> _Your task_: Write down the listing again exactly as it appears below, without its pictures.

> _Entries supplied_:
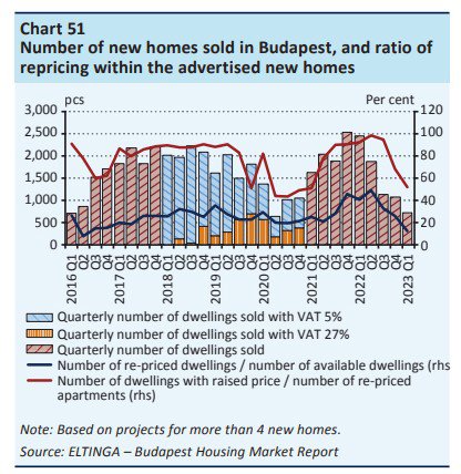 При этом по доступности жилья столица Венгрии занимает седьмое место среди самых дорогих городов Европы – в Будапеште требуется 16,2 года получать средний доход по стране, чтобы позволить себе купить квартиру или дом. В первом квартале 2023 года в Будапеште продано всего 712 новых квартир в кондоминиумах (включая предварительные и окончательные контракты), что на 71% меньше годовых показателей и на 34% – квартальных. Доля непроданных домов, стоимость которых была переоценена из-за падения спроса, снизилась с 25,8% по сравнению с предыдущим кварталом, до 12,3%. В течение квартала была снижена цена на 368 недавно построенных дома (48,4% от переоцененных квартир).
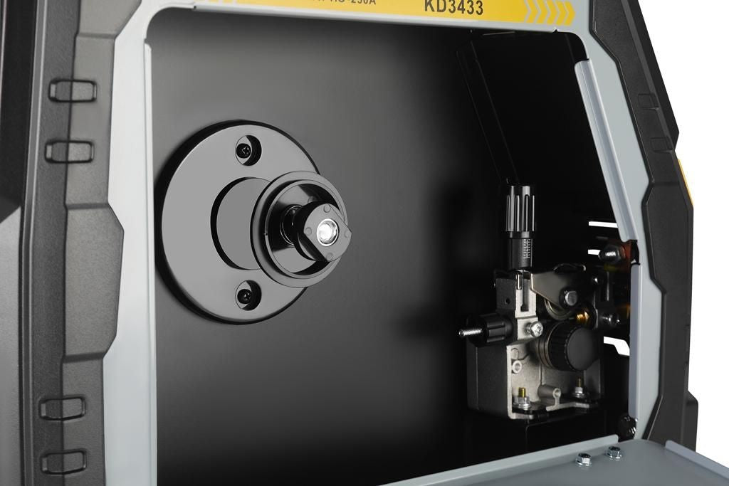 Le confort d'utilisation est amélioré par les fonctions suivantes : burnback (régulation du burnback du fil), SPOT (soudage par points avec régulation du temps), contrôle du mode de fonctionnement (2T, 4T, SPT) et un dévidoir de fil précis à 2 rouleaux.
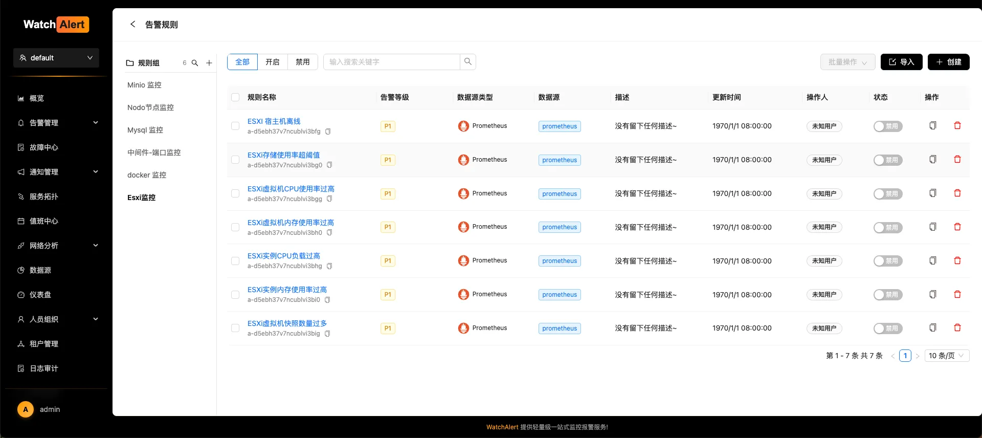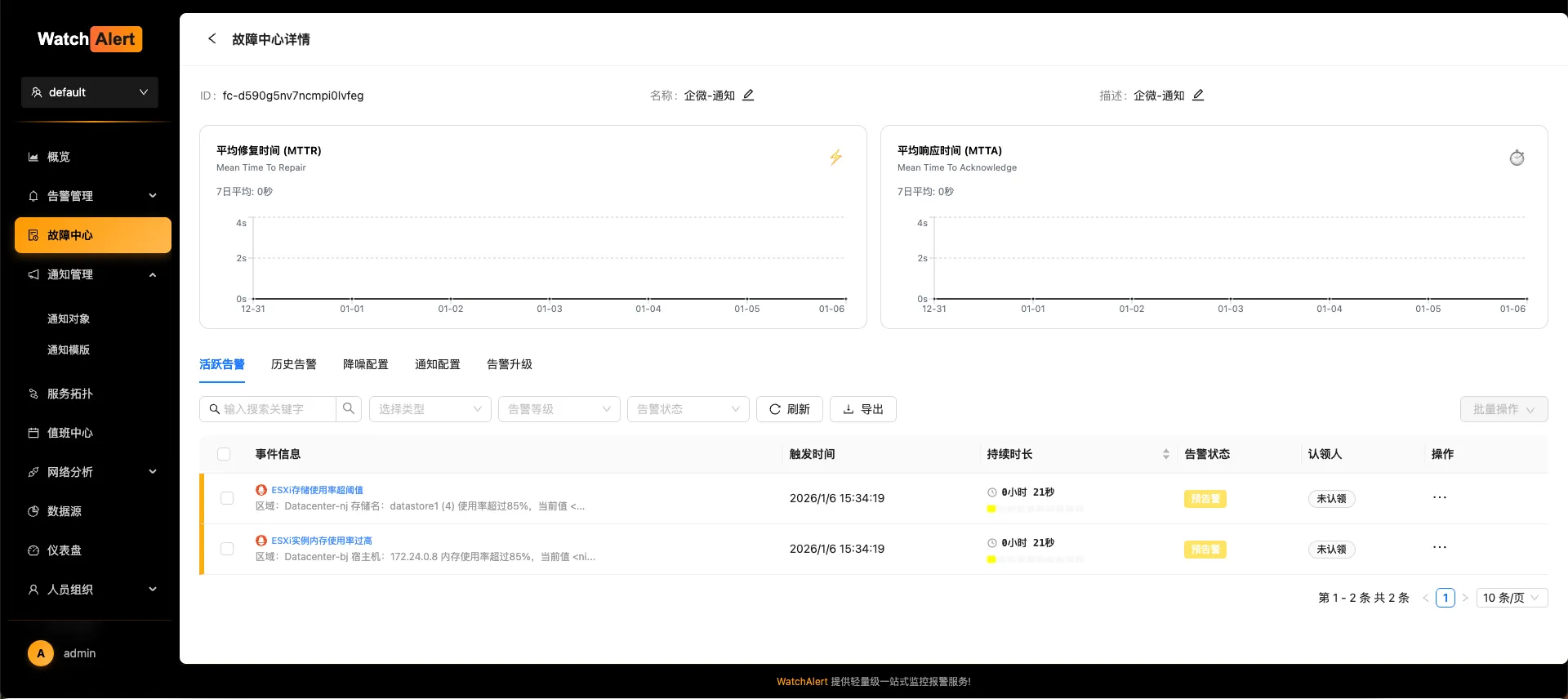 - 告警统一走内部的 Watchalert 组件,支持告警的聚合、抑制、通知。
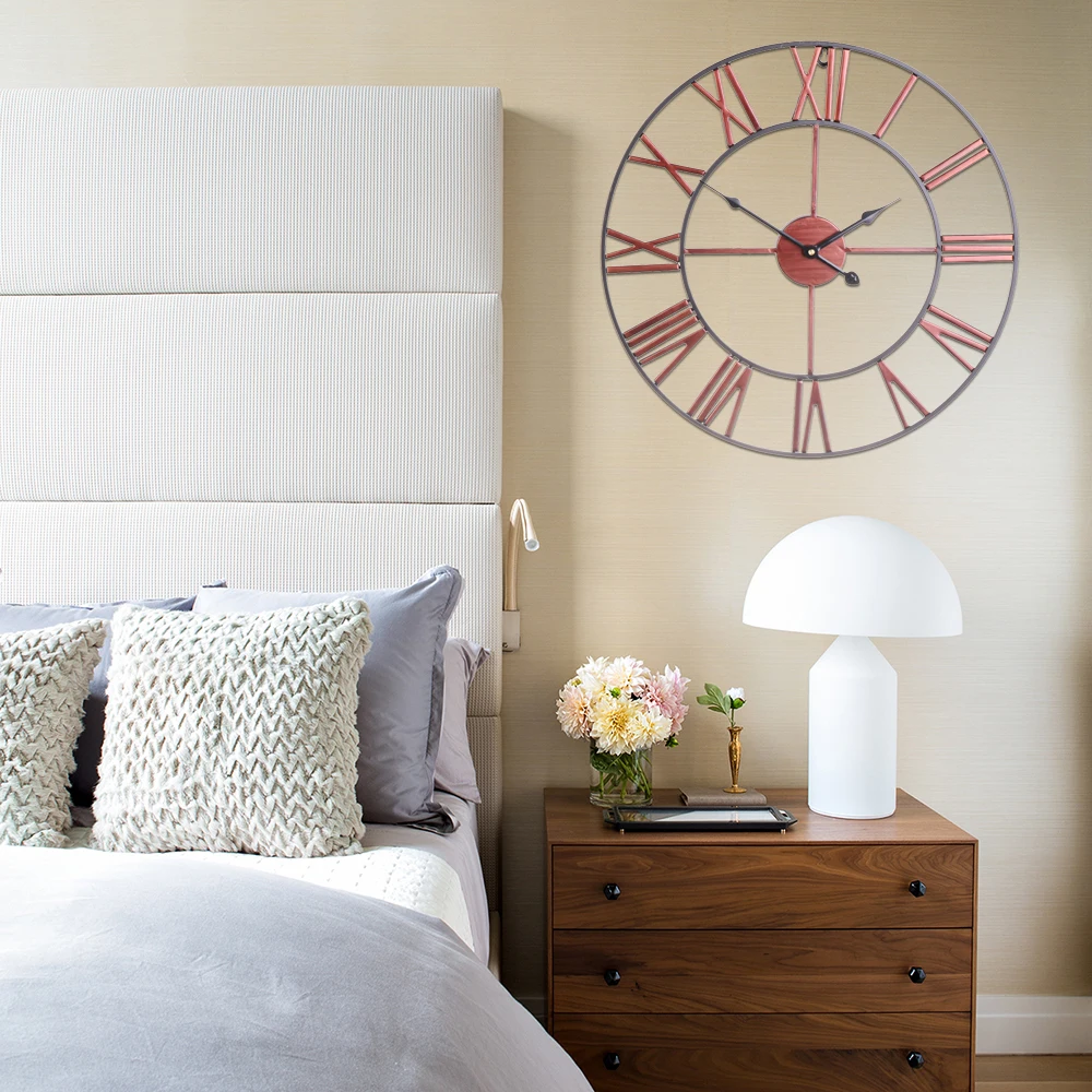 New 3D Circular Retro Roman 40/50cm Wrought Hollow Iron Vintage Large Mute Decorative Wall Clock On
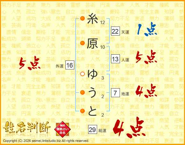 糸原ゆうとさんの総運は29画の4点!
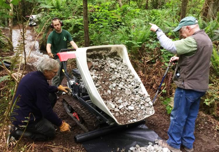 While long weekend sessions can sometimes result in light turnouts, we had twenty (20) volunteers and perfect weather. Since it was another session that we were all working really hard not many photos were taken. Below you’ll see Simon LeClair, our newest equipment operator, dumping a load of railroad ballast. Jerry directs the dumping as Lyall rolls out the Geo-tech material.

> _Response_:
 При этом по доступности жилья столица Венгрии занимает седьмое место среди самых дорогих городов Европы – в Будапеште требуется 16,2 года получать средний доход по стране, чтобы позволить себе купить квартиру или дом. В первом квартале 2023 года в Будапеште продано всего 712 новых квартир в кондоминиумах (включая предварительные и окончательные контракты), что на 71% меньше годовых показателей и на 34% – квартальных. Доля непроданных домов, стоимость которых была переоценена из-за падения спроса, снизилась с 25,8% по сравнению с предыдущим кварталом, до 12,3%. В течение квартала была снижена цена на 368 недавно построенных дома (48,4% от переоцененных квартир).
 Le confort d'utilisation est amélioré par les fonctions suivantes : burnback (régulation du burnback du fil), SPOT (soudage par points avec régulation du temps), contrôle du mode de fonctionnement (2T, 4T, SPT) et un dévidoir de fil précis à 2 rouleaux.
 - 告警统一走内部的 Watchalert 组件,支持告警的聚合、抑制、通知。
 New 3D Circular Retro Roman 40/50cm Wrought Hollow Iron Vintage Large Mute Decorative Wall Clock On
 糸原ゆうとさんの総運は29画の4点!
 While long weekend sessions can sometimes result in light turnouts, we had twenty (20) volunteers and perfect weather. Since it was another session that we were all working really hard not many photos were taken. Below you’ll see Simon LeClair, our newest equipment operator, dumping a load of railroad ballast. Jerry directs the dumping as Lyall rolls out the Geo-tech material.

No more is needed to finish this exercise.